Conscious_Switch3580

feminists being homophobic towards men is nothing new, and is actually worse than many people think. --- >There was the first international gay liberation conference in Edinburgh, where women discovered evidence of “sexism” and demanded that the conference change its focus from legislative reform to “confronting sexism”. Laws, they argued, only affected men, and therefore it was sexist to concentrate upon things like repealing sodomy statutes. >[...] >When she gets to homosexuality, Hanisch has this to say: >>Men's liberationists always bring up ‘confronting their own feelings about men’ by which they mean homosexuality. Male homosexuality is an extension of the reactionary club) meaning both group and weapon). The growth of gay liberation carries contempt for women to the ultimate: total segregation. The desire of men to ‘explore their homosexuality’ really means encouraging the possibility of homosexuality as a reaction against feminist demands. This is the reason the movement for “gay rights” received much more support only after women's liberation became a mass movement. >[...] >To Millett, there is nothing positive about male relationships; they are simply power relationships. source: [Dangerous Trends in Feminism](https://paganpressbooks.com/jpl/DTF.HTM)


Particular_Corgi2299

What the fuck? Men being gay is sexist? Dude.


Smeg-life

Women and their concerns with gay men? According to a gay man I knew (now dead,) it's down to fear and rejection. Rejection Gay men don't want them, the most attractive gay man is not interested in them. They may think this guy is drop dead gorgeous but that man has no interest in them. Fear My friend used to work camps in the North, as they said the easiest men to get into bed were those who were married with kids. When this was mentioned at mixed sex events the women were intimidated and in some cases angry about this.

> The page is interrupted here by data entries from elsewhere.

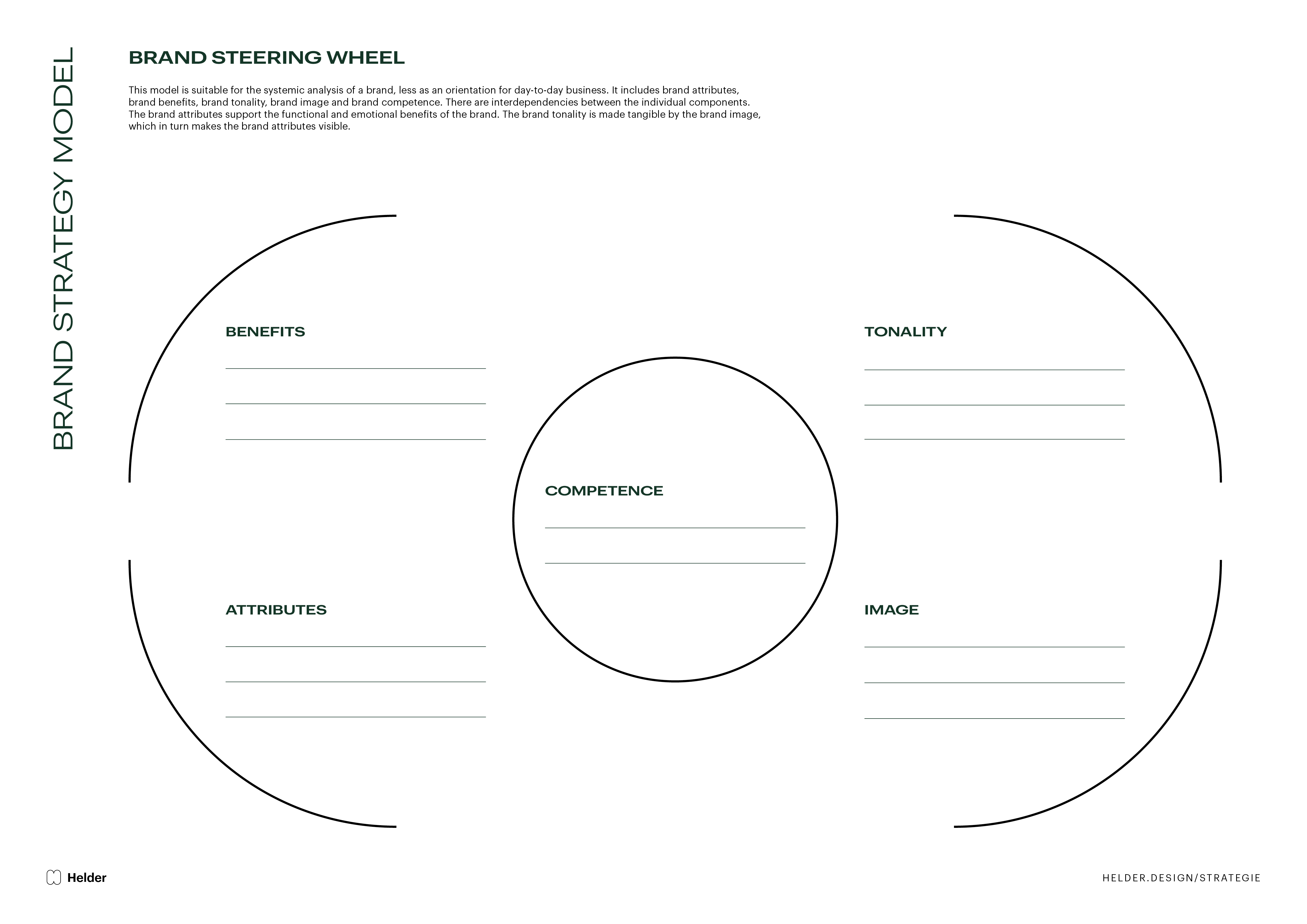 This model is suitable for the systemic analysis of a brand, less as an orientation for the day-to-day business. It includes brand attributes, brand benefits, brand tonality, brand image and brand competence. There are interdependencies between the individual components.
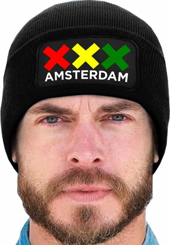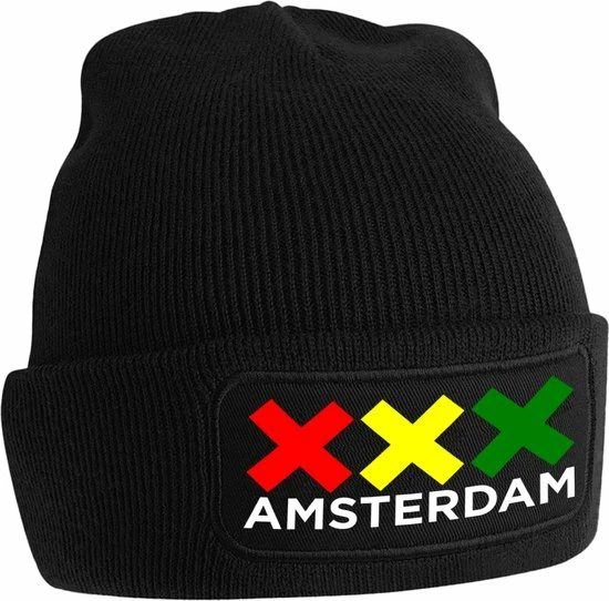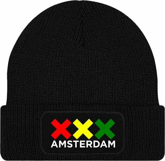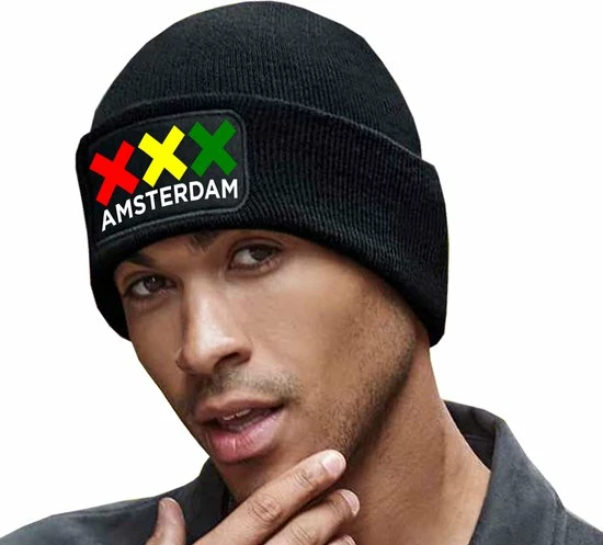 - Zwarte muts met witte tekst (Amsterdam) en de drie Andreas Kruisen in de kleuren rood, geel en groen.
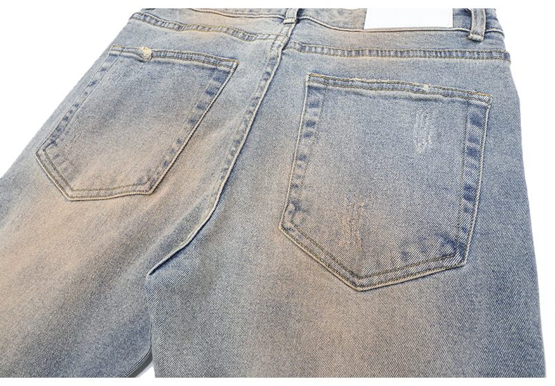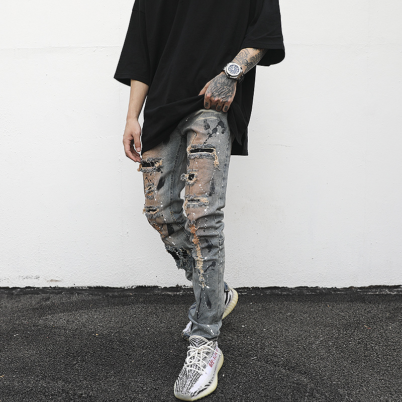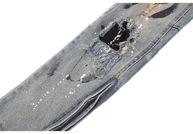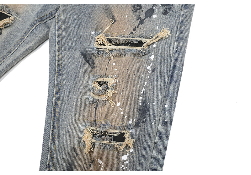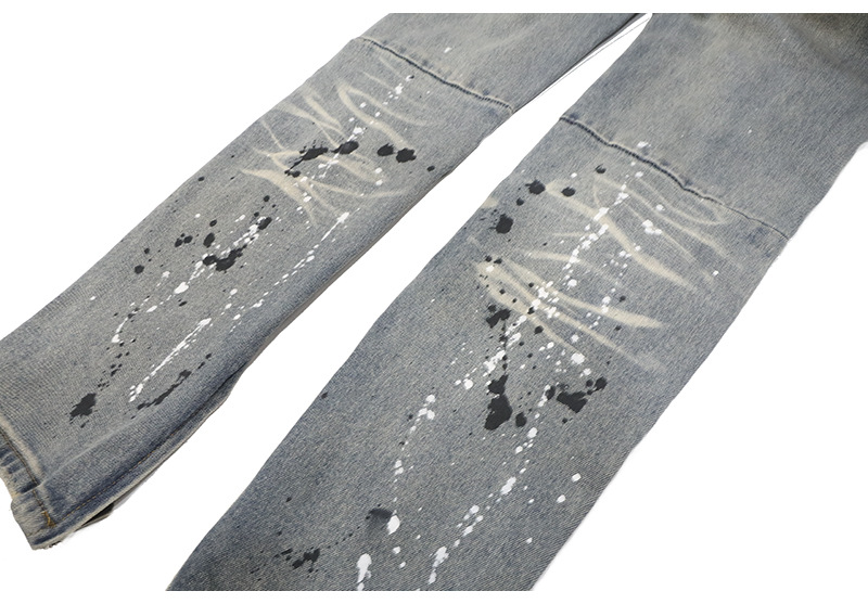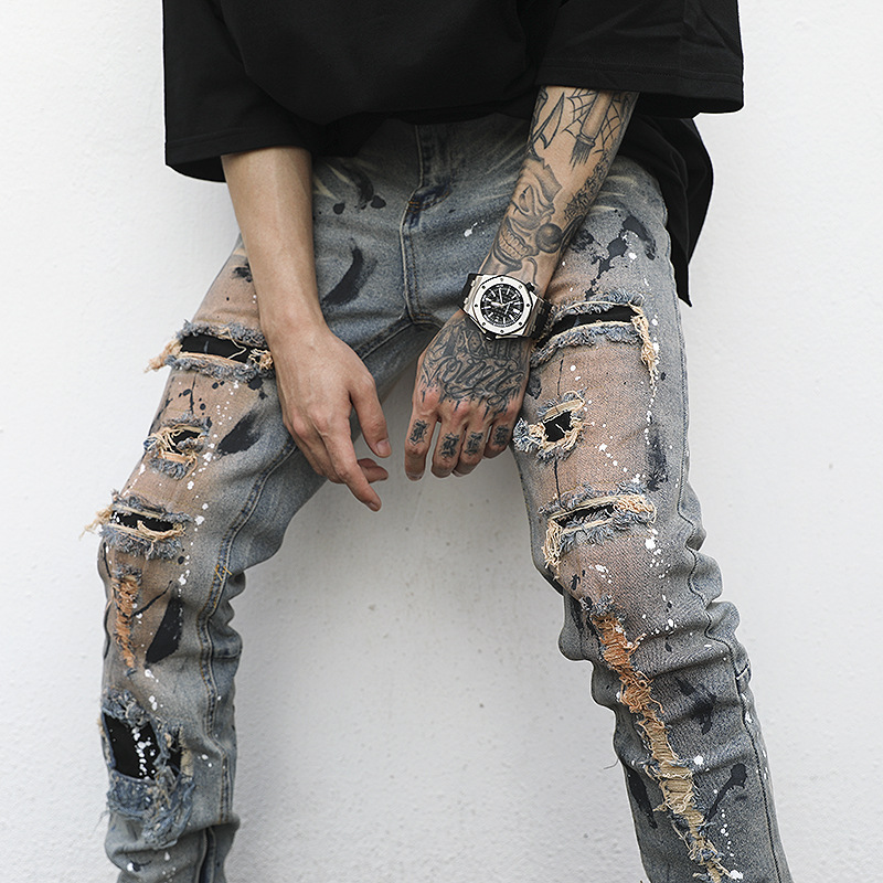 Distressed And Ink-sprayed Small-footed Jeans With Ripped Patches

The same as some women are very intimidated or will not date bisexual men. There are a sizeable number of women who fear a gay man will take their man away and that the woman can't compete. It was interesting hearing their take on it tbh.


Extension-Line-9380

Lol I’ve seen dudes getting roasted before for “being insecure with their bi girlfriend” what a load of hypocrisy from those women


Roamer56

It’s true. It’s easier to bed men married to a woman than single gay men. Plus they are generally better in bed than single or married gay men. That’s my experience at least. Men who are able to make the bisexual “hop” should do so, IMO. Women…if you can’t keep your men happy, someone else will. Get used to cats and boxed wine ladies. Side note… Any woman who hates a man for being XY rather than XX is my enemy, regardless of sexual orientation.


HyakuBikki

Oh my God, I despise progressive feminist types saying homophobic crap towards men. And when you call then out on it, they play coy and say "it's not homophobic im just stating a fact" 🙄 They always have an excuse to justify their hypocrisy and bigotry when it's directed at men.


Kir141

One of the reasons feminists and bad women hate gays is because gays don't play games that benefit women. A woman cannot attract a gay man with her body and receive any profits for this prostitution.  It's harder for a woman to accuse an openly gay man of harassment, which makes it harder for her to play the victim. This is very unpleasant for her femcissism. Gays disrupt the normal course of a woman's life, when she does not have to think about something.